Researchers from Aarhus University aim to develop a new way of modelling complex turbulent systems. This is necessary to design, for example, less expensive, more productive wind farms, more efficient pumps, or for making more reliable weather forecasts, to name just a few.
While it is often not fully appreciated, turbulent flows play a central role in an incredible number of both natural and engineering systems. Understanding and predicting the exact details of turbulent flows is of vital importance, but it currently requires simulations at a level of computational cost that we are unable to achieve.
"Even with modern supercomputers, it’s impossible to simulate many of the turbulent systems that are so important to understand. For example, we can still only simulate a tiny section of a large wind farm, and if we can’t accurately simulate the turbulent atmospheric flow through the whole farm, then it’s very difficult to optimise the farm for future energy production needs,” says Associate Professor Mahdi Abkar from Aarhus University, Department of Mechanical and Production Engineering.
He recently received a DKK 6.2 million Sapere Aude grant from the Independent Research Fund Denmark for a new project titled ‘Physics-constrained Learning for Turbulent Flows (PLTF)’.
"The problem with turbulence modelling is about much more than just wind farms. Perhaps we want to design a more fuel-efficient engine, aircrafts that don’t make as much noise, or upgrade the energy efficiency in the shipping industry.

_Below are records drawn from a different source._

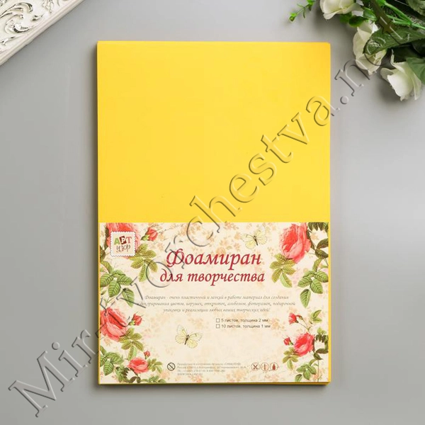 Фоамиран 1мм, "Лимонный", А4, Арт Узор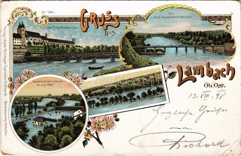 1898 (Vorläufer) Lambach, Wasserkatastrophe am 31. Juli 1897. Die neue Notbrücke, Die neue Eisenbahnnotbrücke / flood, emergency bridge and emergency railway bridge. Josef Reinegger Art Nouveau, floral, litho (EB)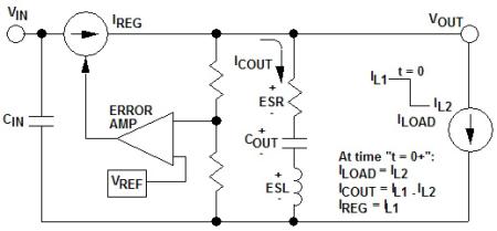 穩(wěn)壓器的電流源(IREG)不能立即發(fā)生變化,因此在“t = 0+”時(shí)刻(也就是負(fù)載電流增加到IL2的瞬間),IREG = IL1。通過簡(jiǎn)單節(jié)點(diǎn)分析得出,此時(shí)電流源需要輸出電容: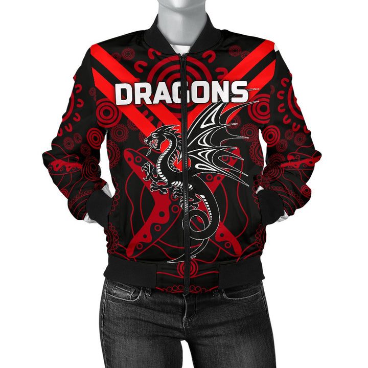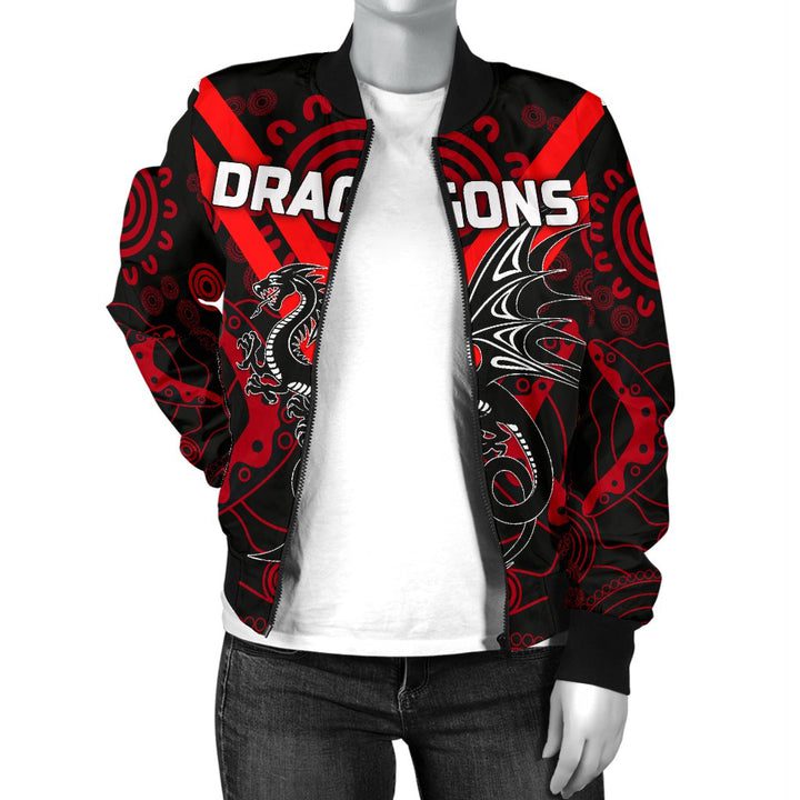 NRL St. George Illawarra Dragons Aboriginal Bomber Jacket V2 Product Features This sweet bomber jacket features crisp St. George Illawarra Dragons graphics that put your fandom proudly on display, so no one will be able to question your allegiance. Always on-trend: Matches seamlessly with anything underneath ? definitely a wardrobe staple. Comfy & warm: With...

Normally, we would simulate the systems and optimise the physics, but we can’t do this here, because turbulent flow is so complex that it requires simulations with impossibly high resolutions. That’s why we model the system, but as soon as we’ve done so the model is inadequate because it’s built on many simplified assumptions under idealised conditions. This is the challenge with turbulence: it’s an extremely complex, multi-scale, unsteady, and non-linear problem," says the associate professor.
Mahdi Abkar’s goal with the PLTF project is to create a paradigm shift within turbulent flow modelling. He wants to develop a new kind of modelling approach, which is coupled with advanced machine learning techniques. The central goal is to tackle the high computational costs while still being able to deliver on accuracy:
"In the PLTF project, we propose a new approach to turbulence modelling using physics-constrained machine learning. The hypothesis is that we’ll be able to capture the underlying physics that is ignored in current models, through data-driven models using state-of-the-art machine learning techniques," says Mahdi Abkar.
If the research team succeeds, it will be a breakthrough in understanding and modelling of complex turbulent systems. Abkar continues:
"The model can then be used to model flow problems in any context. We believe that this project will increase our knowledge of modelling fluid mechanics and turbulent systems. Based on the enormous amount of data that we have access to, and the massive investment that industry is devoting to using data-driven design and optimisation, this project could produce ground-breaking results," he says.